## Data extract
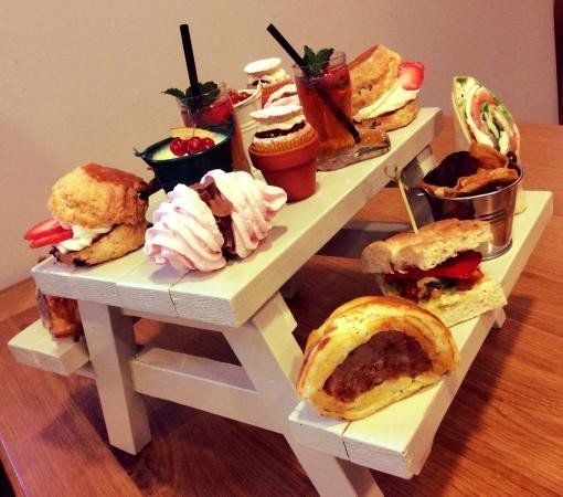 The Garden Kitchen, Клитеро, Великобритания Настоящий пикник на скамейке
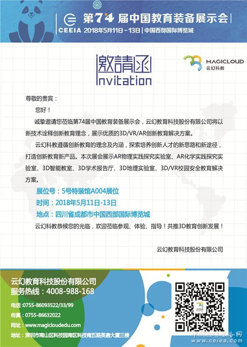 第74屆中國教育裝備展示會將于5月11-13日在四川省成都市中國西部國際博覽城舉辦,云幻科教誠邀教育界領導、朋友蒞臨云幻科教展位,5號特裝館A004展位,共探3D教育發展。
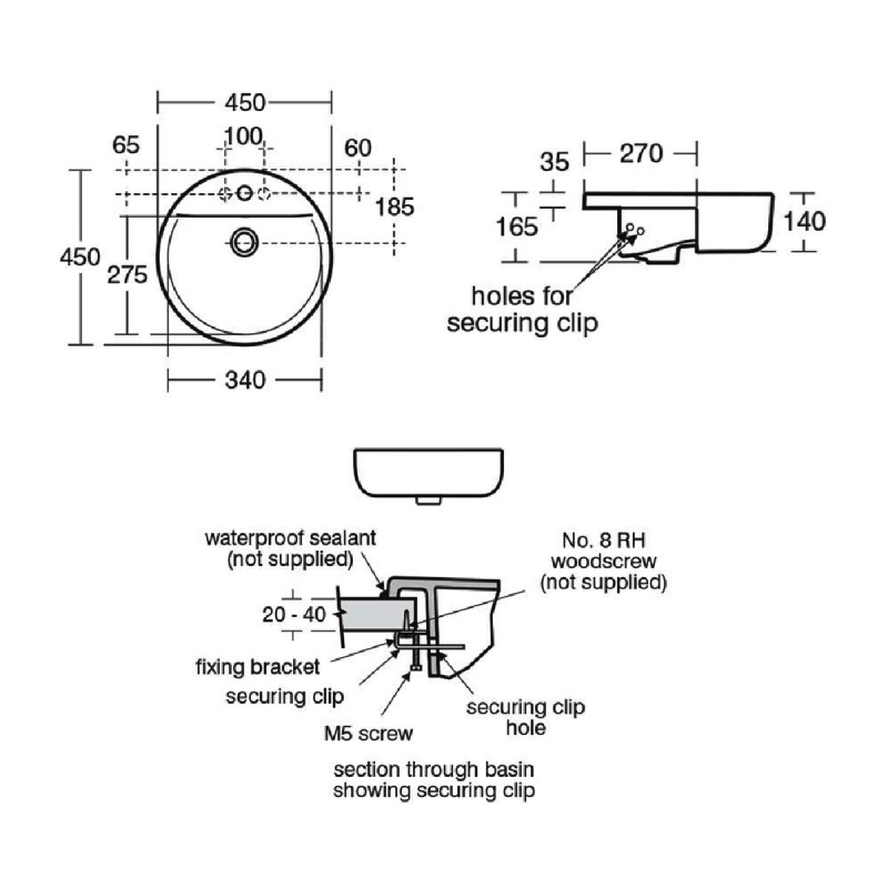 • Single-hole basin suitable for a standard mono basin mixer tap
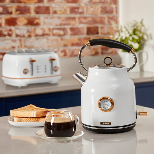 TOWER Bottega 3KW 1.7 Litre Stainless Steel Kettle White
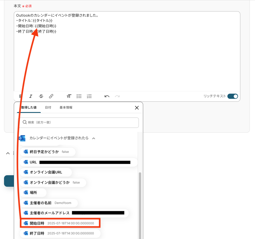 - Outlookでイベントを登録するオペレーションでは、イベントの各項目に対し、AIが抽出した情報や固定のテキストなどを自由に割り当てることが可能です。
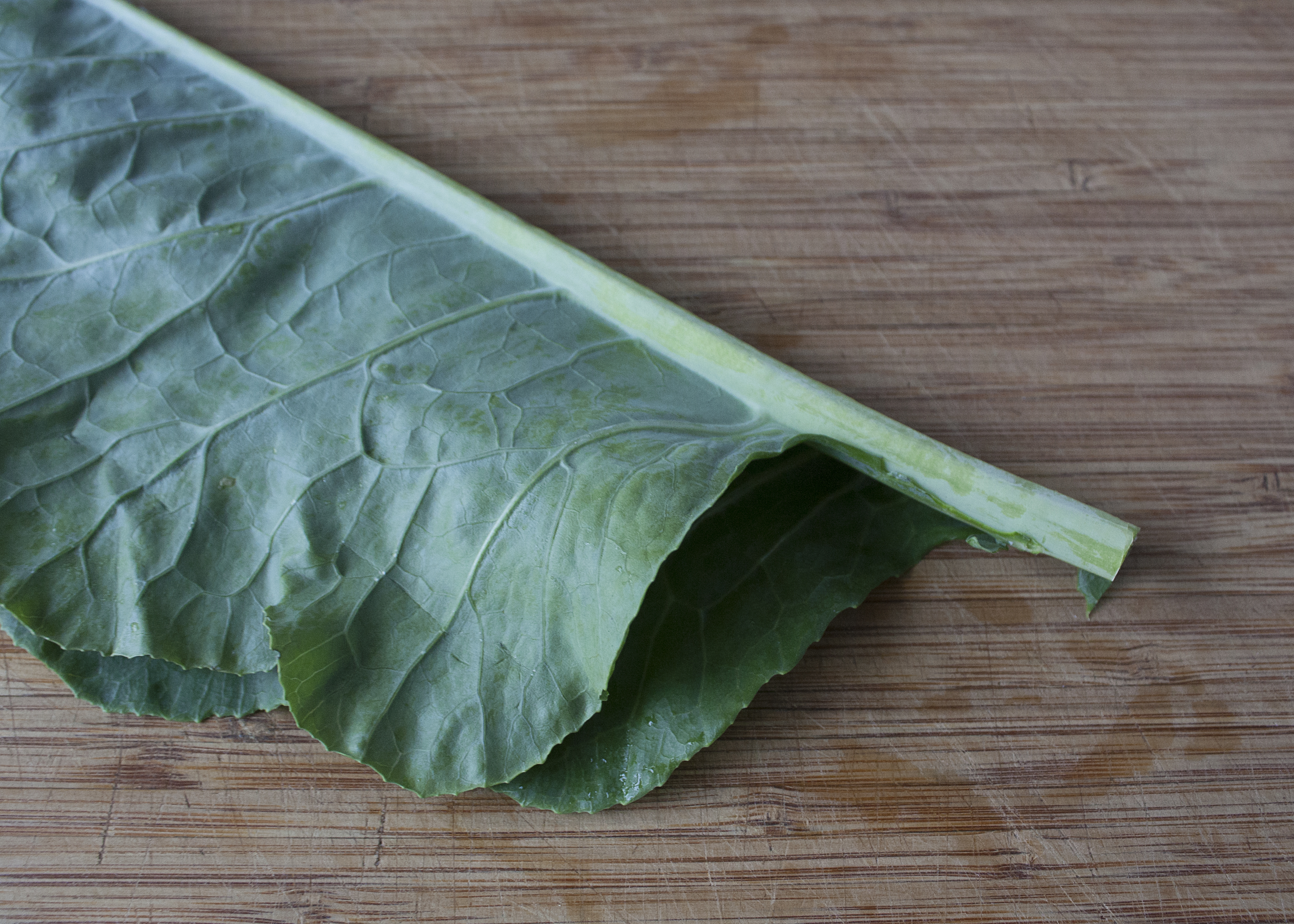 There was not a lot of prep involved with this recipe, which was nice. I removed the stems from the kale using the shortcut we use when we make Barbecued Chicken with Short-Cut Collard Greens. (The photos below are of collard greens, but you get the idea.)
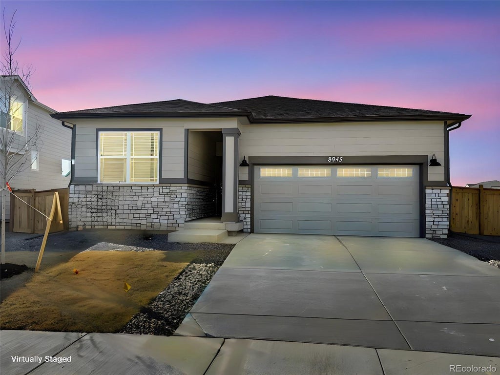 Welcome home to the charming simplicity of the Primrose Ranch Floor plan by Meritage Homes! This delightful residence offers 1,619 square feet of thoughtfully designed living space, boasting 3 bedrooms, 2 bathrooms, and a covered back patio that beckons you to unwind in style while taking in breathtaking mountain views. Step inside, where form meets function in a space carefully crafted for modern living. The Primrose seamlessly blends comfort and efficiency, providing a haven for your everyday life. Main Floor Laundry with Washer and Dryer for added convenience. Primary Suite with a Walk In Shower, Dual Vanity, Walk In Closet. Gourmet Kitchen with Quartz Counters, Tile Backsplash, Gas Range & Side by Side Refrigerator with in door ice/water. Enjoy the covered back patio just off your dining space for ease of grilling or al fresco dining or enjoy that morning cup of joe as you enjoy the sunrise each morning. Meritage Homes goes beyond the basics by incorporating energy efficiency features like advanced framing and spray foam insulation. Large unfinished basement ready for your future expansion with rough in plumbing, radon mitigation system, sump pump. Experience a home that not only surrounds you with comfort but also contributes to a sustainable and eco-friendly lifestyle. Located in Commerce City, this home offers the perfect balance – away from the hustle and bustle of city life, yet still close enough to Denver and the slopes for those seeking adventure. Discover the charm of Buffalo Highlands, from shopping to outdoor activities, all in your own backyard. Take the next step toward making the Primrose your own oasis. Schedule your showing today! This home qualifies for a below-market fixed interest rate with Meritage Homes' preferred lender for a limited time. Terms and conditions apply.
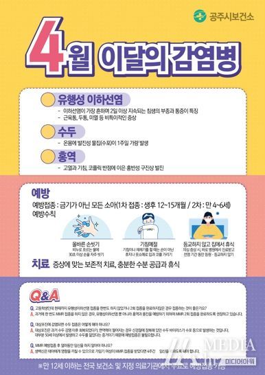 미디어아워 이호민 기자 | 공주시는 코로나19 장기화로 감염병에 대한 시민들의 관심이 높아지고 선제적 예방관리가 중요해짐에 따라 ‘이달의 감염병 바로 알기 사업’을 실시하기로 했다고 7일 밝혔다.

## Task to complete
Word for word, write out the lines from the top of the records above down to the line holding "There was not", inclusive, but not the pictures.

## Task response
 The Garden Kitchen, Клитеро, Великобритания Настоящий пикник на скамейке
 第74屆中國教育裝備展示會將于5月11-13日在四川省成都市中國西部國際博覽城舉辦,云幻科教誠邀教育界領導、朋友蒞臨云幻科教展位,5號特裝館A004展位,共探3D教育發展。
 • Single-hole basin suitable for a standard mono basin mixer tap
 TOWER Bottega 3KW 1.7 Litre Stainless Steel Kettle White
 - Outlookでイベントを登録するオペレーションでは、イベントの各項目に対し、AIが抽出した情報や固定のテキストなどを自由に割り当てることが可能です。
 There was not a lot of prep involved with this recipe, which was nice. I removed the stems from the kale using the shortcut we use when we make Barbecued Chicken with Short-Cut Collard Greens. (The photos below are of collard greens, but you get the idea.)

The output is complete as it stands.